Nobu Bank.

Jakarta - PT Bank Nationalnobu (Bank Nobu) siap mencatatkan saham perdananya melalui mekanisme penawaran saham perdana (initial public offering/IPO).

Dalam due diligence meeting dan public expose Bank Nobu, Direktur Utama Bank Nobu, Suhaimin Djohan mengatakan, perseroan akan melepas 2.155.830.000 saham biasa atau 52 persen dari modal yang ditempatkan, dan disetor penuh dengan kisaran harga Rp 325-400 per lembarnya. Sehingga, perseroan bisa meraup dana segar sebesar Rp 600-800 miliar.

Direktur Utama Ciptadana Securities, Ferry Budimanatanja selaku penjamin emisi Bank Nobu mengatakan, kisaran harga tersebut mencerminkan penetapan harga saham perdana berdasarkan Price to Book Value (PBV) 2,5-3,1 kali dan Price Earning Ratio (PER) 20-25 kali.

"Secara PE relatif diatas market karena ada pertumbuhan Bank Nobu luar biasa cepat," ujarnya di Hotel Aryaduta, Jakarta, Selasa (16/4).

Pihaknya pun akan lebih melakukan pendekatan ke calon investor institusi dalam penawaran IPO ini. Sedangkan jadwal emisi book building pada 12-19 April 2013, pernyataan efek dari Otoritas Jasa Keuangan (OJK) 29 April, masa penawaran 1-2 Mei 2013, tanggal penjatahan 6 Mei 2013 dan pencatatan di Bursa Efek Indonesia (BEI) pada 8 Mei 2013.

Lebih lanjut mengenai dana IPO, Suhaimin menerangkan, seluruh dananya akan digunakan untuk pertumbuhan usaha dalam bentuk ekspansi kredit. "Kita targetkan bisa tumbuh 50 persen dari perolehan kredit akhir Desember lalu Rp 413 miliar. Bisa tembus Rp 1 triliun di akhir tahun ini," sebutnya.
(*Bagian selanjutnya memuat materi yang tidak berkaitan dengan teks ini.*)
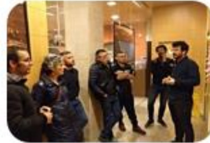
SESION 2 Identificación de Agentes

Perseroan, tambah Suhaimin, akan terus berkomitmen dalam penyaluran kredit pada segmen usaha kecil dan menengah (UKM) baik berupa kredit modal kerja maupun kredit investasi. "Kami komitmen agar UKM tumbuh, itu misi. Kami ingin menjadikan UKM sebagai pemain global," ujarnya.

Seiring dengan itu, Suhaimin menambahkan, perseroan juga akan melakukan ekspansi pada jumlah kantor cabang dari April ini 51 menjadi 70 di akhir tahun atau bertambah 30 di tahun ini. Di mana, perseroan juga akan menambah kantor cabang di 5-10 provinsi dari saat ini di 14 provinsi. "Dana untuk ekspansi kredit dan tambahan cabang butuh dana Rp 1 triliun," katanya.

Sementara dari sisi rasio kecukupan modal (CAR) ditargetkan tiga tahun ke depan akan turun dari 70 persen menjadi 30-40 persen untuk biaya ekspansi kredit Bank Nobu.

Lebih lanjut, kata Suhaimin, dengan penambahan modal melalui IPO ini, maka perseroan akan menjadi bank yang masuk ke dalam kategori Buku II. Sehingga, perusahaan yang didirikan pada 13 Februari 1990 atas nama PT Alfindo Bank dan berganti nama menjadi PT Bank Nationalnobu pada 2008 itu bisa menjadi bank devisa, menghimpun dana masyarakat dalam valuta asing, penyaluran dana melalui sindikasi, menyelenggarakan layanan internet banking, menerbitkan kartu kredit, layanan remittance, dan menjadi agen penjual reksa dana. "Dengan permodalan Rp 1 triliun, kami akan masuk Buku II. Kami bisa leluasa kembangkan bisnis," tukasnya.

Adapun, setelah IPO nanti maka kepemilikan saham PT Kharisma Buana Nusantara atau Mochtar Riady menjadi 24,12 persen, Nio Yantony 9,65 persen, PT Prima Cakrawala Sentosa 5,08 persen, PT Lippo General Insurance Tbk 5,08 persen, dan PT Putera Mulia Indonesia 4,06 persen, lalu 52 persen oleh masyarakat.